Your task:
Below this line are records; transcribe exactly the lines between the one holding "Очевидно, Fan ID" and the one holding "Am 18.08.1987 begann", inclusive, and omit the pictures.
-------- Materials provided --------
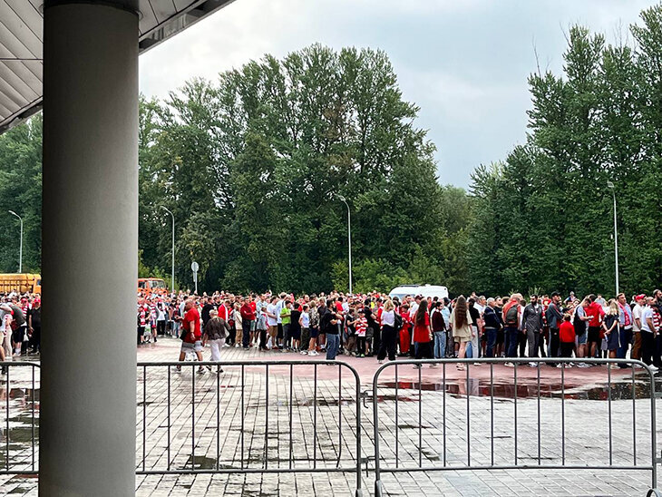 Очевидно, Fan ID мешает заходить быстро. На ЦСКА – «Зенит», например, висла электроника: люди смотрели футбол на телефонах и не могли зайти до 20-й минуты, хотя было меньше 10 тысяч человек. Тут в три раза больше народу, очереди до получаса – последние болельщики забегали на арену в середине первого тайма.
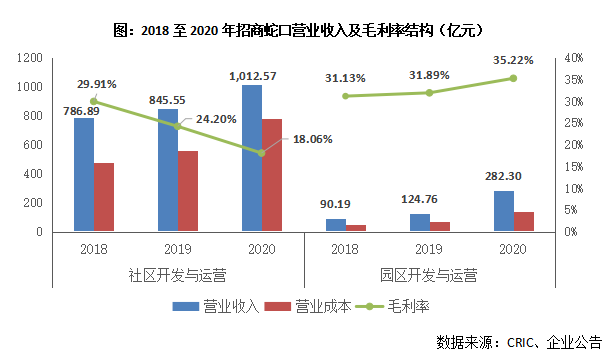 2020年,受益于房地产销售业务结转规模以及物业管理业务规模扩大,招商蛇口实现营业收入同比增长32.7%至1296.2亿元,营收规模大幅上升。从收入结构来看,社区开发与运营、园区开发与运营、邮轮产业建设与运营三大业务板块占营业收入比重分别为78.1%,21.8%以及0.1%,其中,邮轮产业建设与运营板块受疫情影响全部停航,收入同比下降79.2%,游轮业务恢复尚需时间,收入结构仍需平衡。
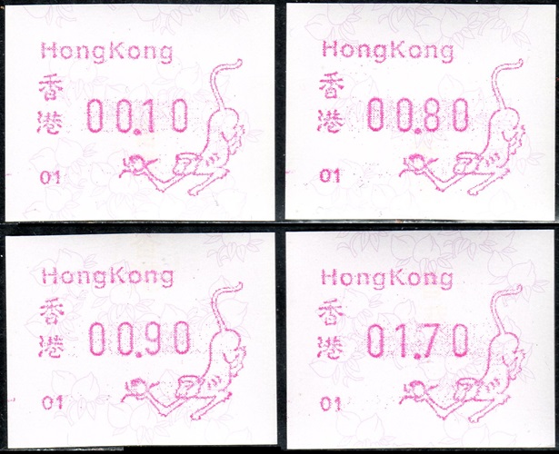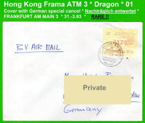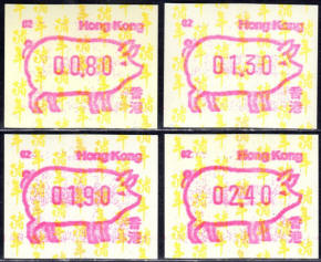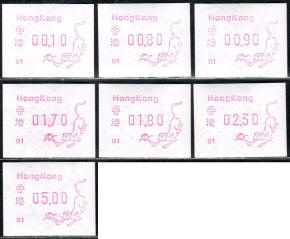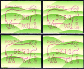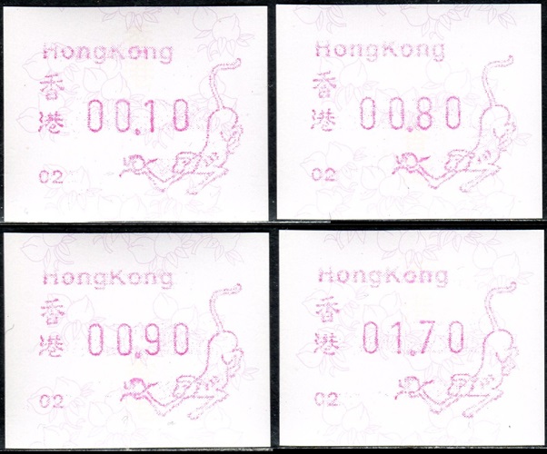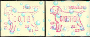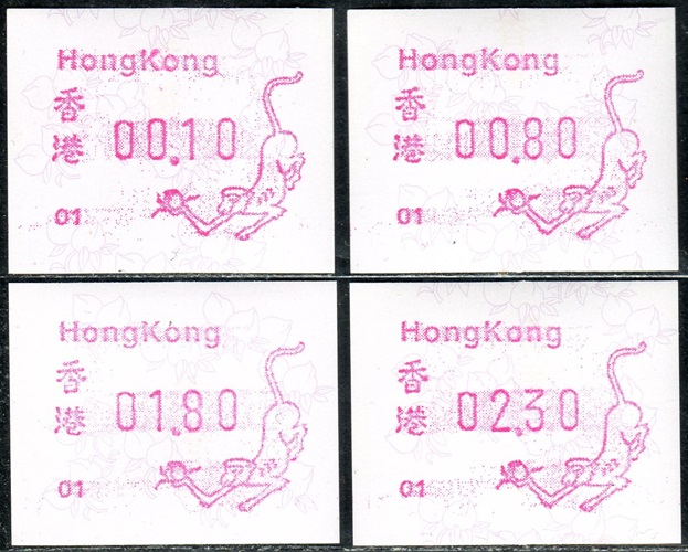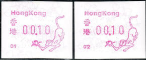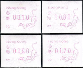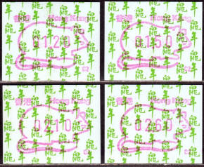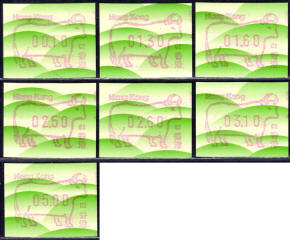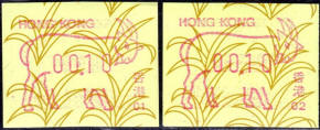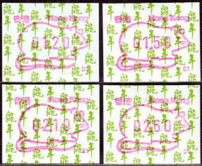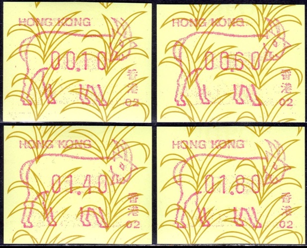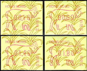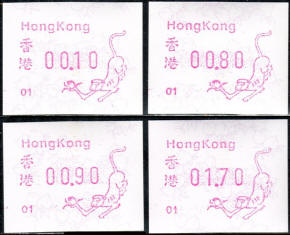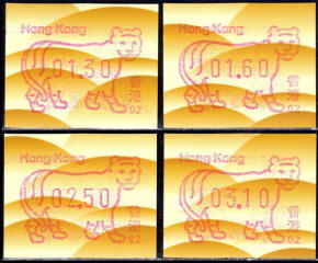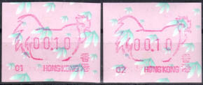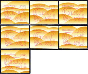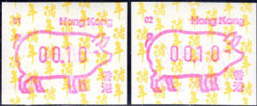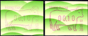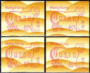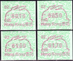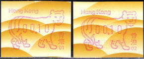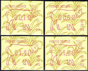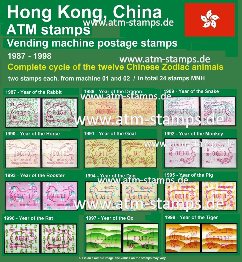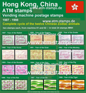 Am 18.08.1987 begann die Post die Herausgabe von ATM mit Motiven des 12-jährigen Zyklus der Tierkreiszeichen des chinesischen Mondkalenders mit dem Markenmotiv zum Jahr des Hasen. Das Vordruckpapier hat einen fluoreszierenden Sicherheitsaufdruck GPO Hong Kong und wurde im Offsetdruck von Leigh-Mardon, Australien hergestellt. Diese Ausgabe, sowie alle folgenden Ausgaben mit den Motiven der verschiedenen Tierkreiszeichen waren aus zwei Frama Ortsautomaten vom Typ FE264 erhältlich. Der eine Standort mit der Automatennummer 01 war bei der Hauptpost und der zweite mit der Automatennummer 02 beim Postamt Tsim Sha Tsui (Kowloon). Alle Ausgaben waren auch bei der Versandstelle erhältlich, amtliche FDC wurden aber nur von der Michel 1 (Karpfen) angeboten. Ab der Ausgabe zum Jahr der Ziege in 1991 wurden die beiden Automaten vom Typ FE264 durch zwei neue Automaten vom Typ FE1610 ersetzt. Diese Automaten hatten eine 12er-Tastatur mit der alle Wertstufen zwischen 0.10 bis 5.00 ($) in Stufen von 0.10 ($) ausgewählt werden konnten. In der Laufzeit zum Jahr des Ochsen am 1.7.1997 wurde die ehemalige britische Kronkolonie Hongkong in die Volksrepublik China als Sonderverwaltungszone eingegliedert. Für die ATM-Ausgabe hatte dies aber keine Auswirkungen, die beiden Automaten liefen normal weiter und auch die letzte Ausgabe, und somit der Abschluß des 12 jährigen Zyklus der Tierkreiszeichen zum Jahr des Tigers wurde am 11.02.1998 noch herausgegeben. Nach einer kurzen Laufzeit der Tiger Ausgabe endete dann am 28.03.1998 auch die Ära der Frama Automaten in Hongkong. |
--------
-------- Materials provided --------
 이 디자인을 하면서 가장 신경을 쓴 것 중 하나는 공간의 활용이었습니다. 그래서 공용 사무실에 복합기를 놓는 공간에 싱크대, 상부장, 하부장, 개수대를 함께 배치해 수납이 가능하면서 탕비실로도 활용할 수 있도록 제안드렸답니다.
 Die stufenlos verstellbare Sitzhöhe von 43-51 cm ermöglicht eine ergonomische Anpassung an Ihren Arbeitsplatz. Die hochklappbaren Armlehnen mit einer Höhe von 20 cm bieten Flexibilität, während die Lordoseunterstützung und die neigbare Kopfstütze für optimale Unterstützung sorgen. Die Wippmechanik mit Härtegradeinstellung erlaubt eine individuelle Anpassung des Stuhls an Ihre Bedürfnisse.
--------
Exercise result:
 Очевидно, Fan ID мешает заходить быстро. На ЦСКА – «Зенит», например, висла электроника: люди смотрели футбол на телефонах и не могли зайти до 20-й минуты, хотя было меньше 10 тысяч человек. Тут в три раза больше народу, очереди до получаса – последние болельщики забегали на арену в середине первого тайма.
 2020年,受益于房地产销售业务结转规模以及物业管理业务规模扩大,招商蛇口实现营业收入同比增长32.7%至1296.2亿元,营收规模大幅上升。从收入结构来看,社区开发与运营、园区开发与运营、邮轮产业建设与运营三大业务板块占营业收入比重分别为78.1%,21.8%以及0.1%,其中,邮轮产业建设与运营板块受疫情影响全部停航,收入同比下降79.2%,游轮业务恢复尚需时间,收入结构仍需平衡。
 Am 18.08.1987 begann die Post die Herausgabe von ATM mit Motiven des 12-jährigen Zyklus der Tierkreiszeichen des chinesischen Mondkalenders mit dem Markenmotiv zum Jahr des Hasen. Das Vordruckpapier hat einen fluoreszierenden Sicherheitsaufdruck GPO Hong Kong und wurde im Offsetdruck von Leigh-Mardon, Australien hergestellt. Diese Ausgabe, sowie alle folgenden Ausgaben mit den Motiven der verschiedenen Tierkreiszeichen waren aus zwei Frama Ortsautomaten vom Typ FE264 erhältlich. Der eine Standort mit der Automatennummer 01 war bei der Hauptpost und der zweite mit der Automatennummer 02 beim Postamt Tsim Sha Tsui (Kowloon). Alle Ausgaben waren auch bei der Versandstelle erhältlich, amtliche FDC wurden aber nur von der Michel 1 (Karpfen) angeboten. Ab der Ausgabe zum Jahr der Ziege in 1991 wurden die beiden Automaten vom Typ FE264 durch zwei neue Automaten vom Typ FE1610 ersetzt. Diese Automaten hatten eine 12er-Tastatur mit der alle Wertstufen zwischen 0.10 bis 5.00 ($) in Stufen von 0.10 ($) ausgewählt werden konnten. In der Laufzeit zum Jahr des Ochsen am 1.7.1997 wurde die ehemalige britische Kronkolonie Hongkong in die Volksrepublik China als Sonderverwaltungszone eingegliedert. Für die ATM-Ausgabe hatte dies aber keine Auswirkungen, die beiden Automaten liefen normal weiter und auch die letzte Ausgabe, und somit der Abschluß des 12 jährigen Zyklus der Tierkreiszeichen zum Jahr des Tigers wurde am 11.02.1998 noch herausgegeben. Nach einer kurzen Laufzeit der Tiger Ausgabe endete dann am 28.03.1998 auch die Ära der Frama Automaten in Hongkong. |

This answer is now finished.